● Prompt: When a picture appears in the listing, leave it out and copy the rest exactly as it stands.

● Given information:
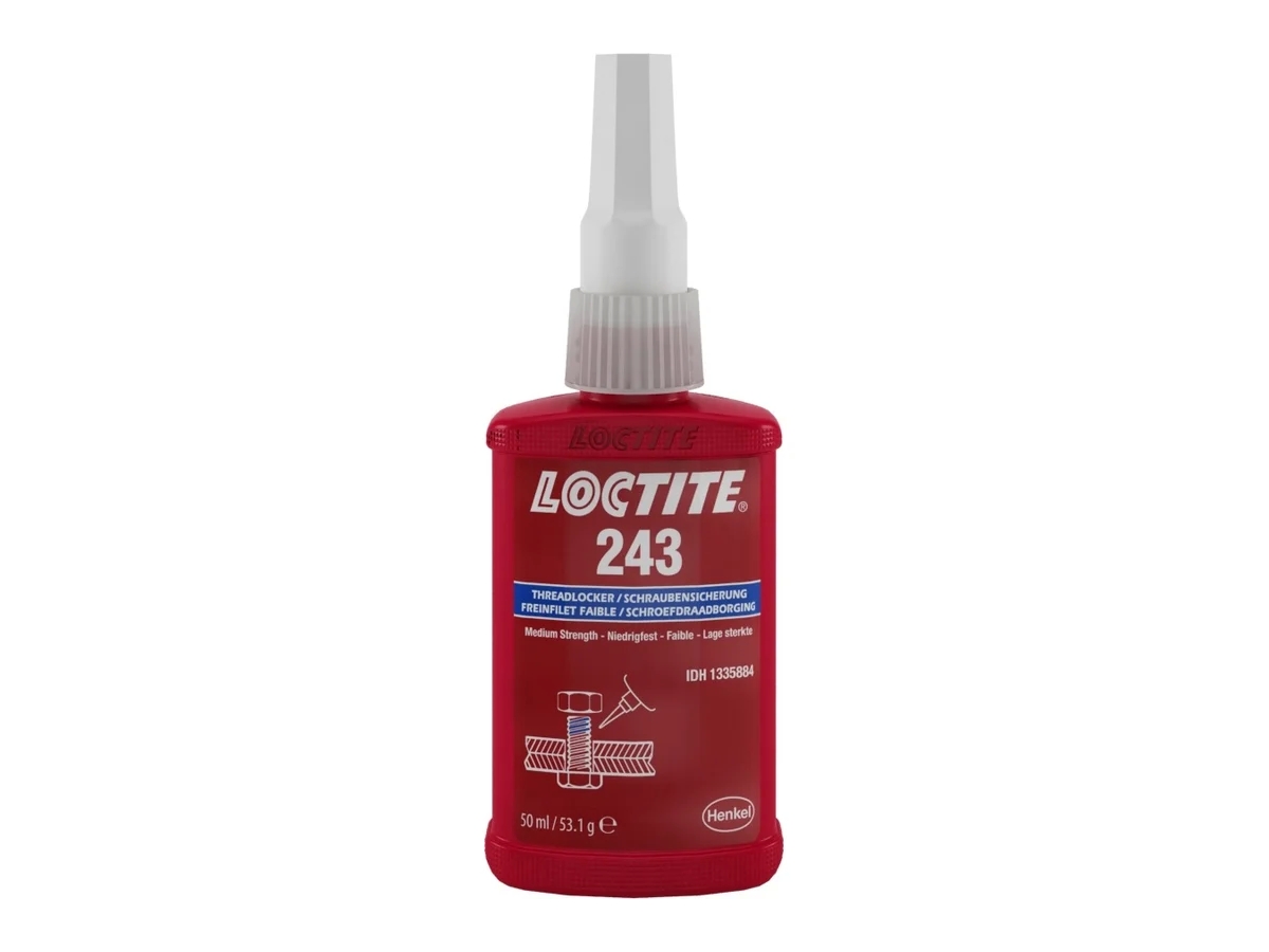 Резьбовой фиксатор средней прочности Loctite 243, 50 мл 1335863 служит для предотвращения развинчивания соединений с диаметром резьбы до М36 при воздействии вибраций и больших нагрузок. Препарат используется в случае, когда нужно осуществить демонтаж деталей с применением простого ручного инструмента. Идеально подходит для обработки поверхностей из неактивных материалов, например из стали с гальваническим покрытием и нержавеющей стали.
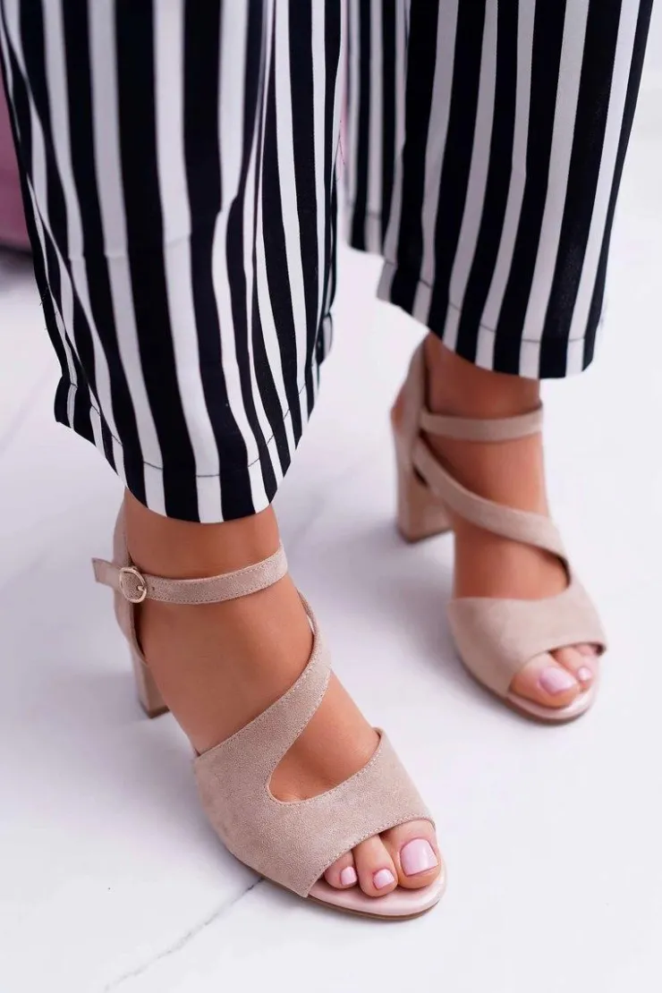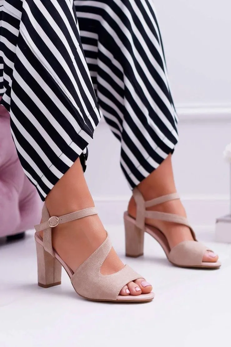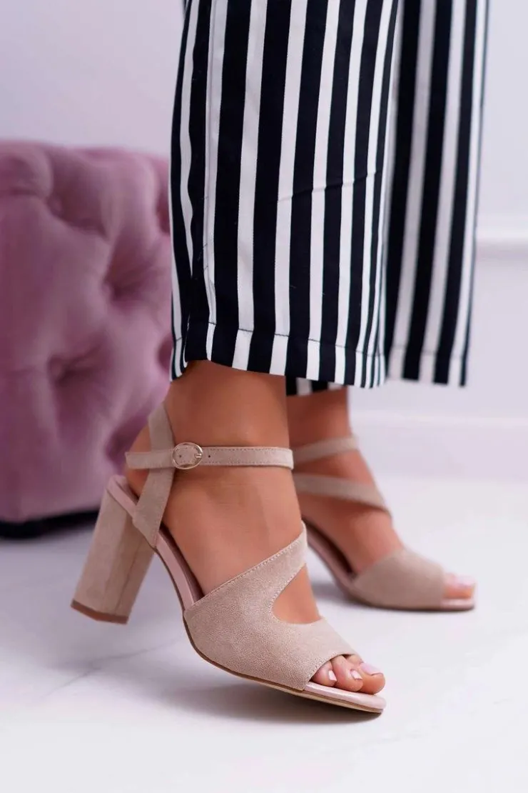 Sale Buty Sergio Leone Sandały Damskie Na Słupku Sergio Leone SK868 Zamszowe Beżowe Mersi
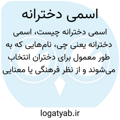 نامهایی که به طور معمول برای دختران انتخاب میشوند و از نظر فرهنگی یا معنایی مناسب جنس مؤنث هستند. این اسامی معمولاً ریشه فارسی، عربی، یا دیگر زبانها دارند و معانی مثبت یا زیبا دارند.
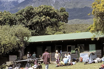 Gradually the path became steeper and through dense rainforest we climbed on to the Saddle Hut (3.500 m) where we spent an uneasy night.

● Response to this exercise:
 Резьбовой фиксатор средней прочности Loctite 243, 50 мл 1335863 служит для предотвращения развинчивания соединений с диаметром резьбы до М36 при воздействии вибраций и больших нагрузок. Препарат используется в случае, когда нужно осуществить демонтаж деталей с применением простого ручного инструмента. Идеально подходит для обработки поверхностей из неактивных материалов, например из стали с гальваническим покрытием и нержавеющей стали.
 Sale Buty Sergio Leone Sandały Damskie Na Słupku Sergio Leone SK868 Zamszowe Beżowe Mersi
 نامهایی که به طور معمول برای دختران انتخاب میشوند و از نظر فرهنگی یا معنایی مناسب جنس مؤنث هستند. این اسامی معمولاً ریشه فارسی، عربی، یا دیگر زبانها دارند و معانی مثبت یا زیبا دارند.
 Gradually the path became steeper and through dense rainforest we climbed on to the Saddle Hut (3.500 m) where we spent an uneasy night.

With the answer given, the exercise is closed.